- **Exercise description**
The reply should contain the full listing exactly as written and no pictures at all.

- **Exercise data**
# # # #

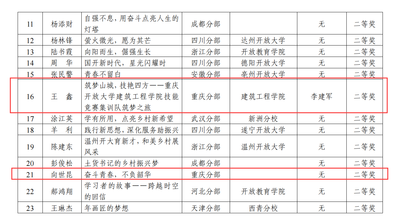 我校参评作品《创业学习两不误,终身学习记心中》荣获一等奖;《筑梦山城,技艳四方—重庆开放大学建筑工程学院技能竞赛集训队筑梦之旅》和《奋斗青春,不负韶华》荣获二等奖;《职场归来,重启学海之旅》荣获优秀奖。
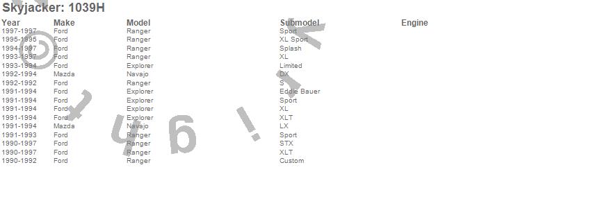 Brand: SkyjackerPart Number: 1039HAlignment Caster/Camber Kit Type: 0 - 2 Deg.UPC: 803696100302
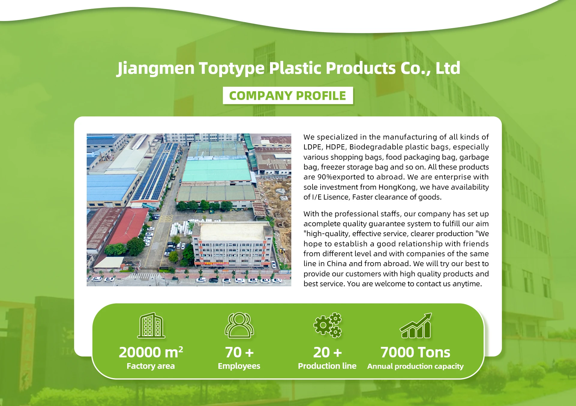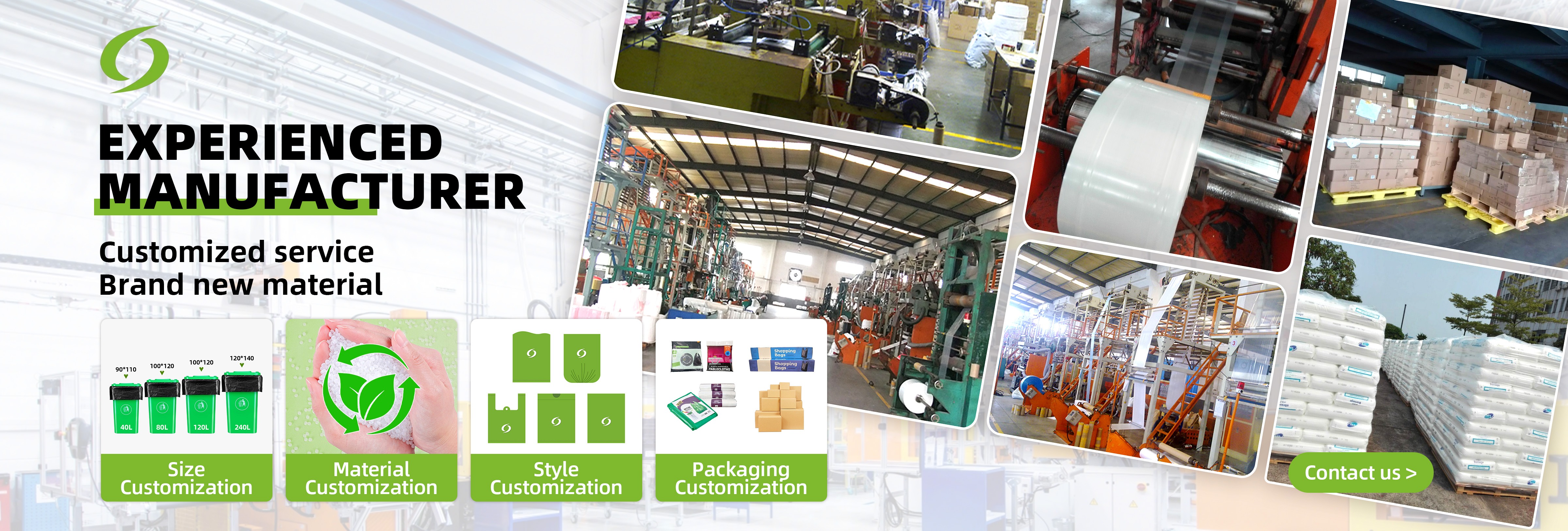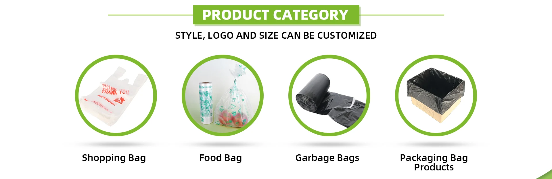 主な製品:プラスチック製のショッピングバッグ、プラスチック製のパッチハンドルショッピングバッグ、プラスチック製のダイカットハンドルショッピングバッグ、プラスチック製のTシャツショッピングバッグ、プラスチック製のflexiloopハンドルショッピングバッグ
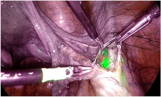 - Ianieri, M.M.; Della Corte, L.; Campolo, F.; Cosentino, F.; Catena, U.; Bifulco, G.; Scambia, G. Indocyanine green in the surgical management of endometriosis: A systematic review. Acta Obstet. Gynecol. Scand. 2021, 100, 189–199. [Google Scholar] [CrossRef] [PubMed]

# # # #

- **Exercise solution**
 我校参评作品《创业学习两不误,终身学习记心中》荣获一等奖;《筑梦山城,技艳四方—重庆开放大学建筑工程学院技能竞赛集训队筑梦之旅》和《奋斗青春,不负韶华》荣获二等奖;《职场归来,重启学海之旅》荣获优秀奖。
 Brand: SkyjackerPart Number: 1039HAlignment Caster/Camber Kit Type: 0 - 2 Deg.UPC: 803696100302
 主な製品:プラスチック製のショッピングバッグ、プラスチック製のパッチハンドルショッピングバッグ、プラスチック製のダイカットハンドルショッピングバッグ、プラスチック製のTシャツショッピングバッグ、プラスチック製のflexiloopハンドルショッピングバッグ
 - Ianieri, M.M.; Della Corte, L.; Campolo, F.; Cosentino, F.; Catena, U.; Bifulco, G.; Scambia, G. Indocyanine green in the surgical management of endometriosis: A systematic review. Acta Obstet. Gynecol. Scand. 2021, 100, 189–199. [Google Scholar] [CrossRef] [PubMed]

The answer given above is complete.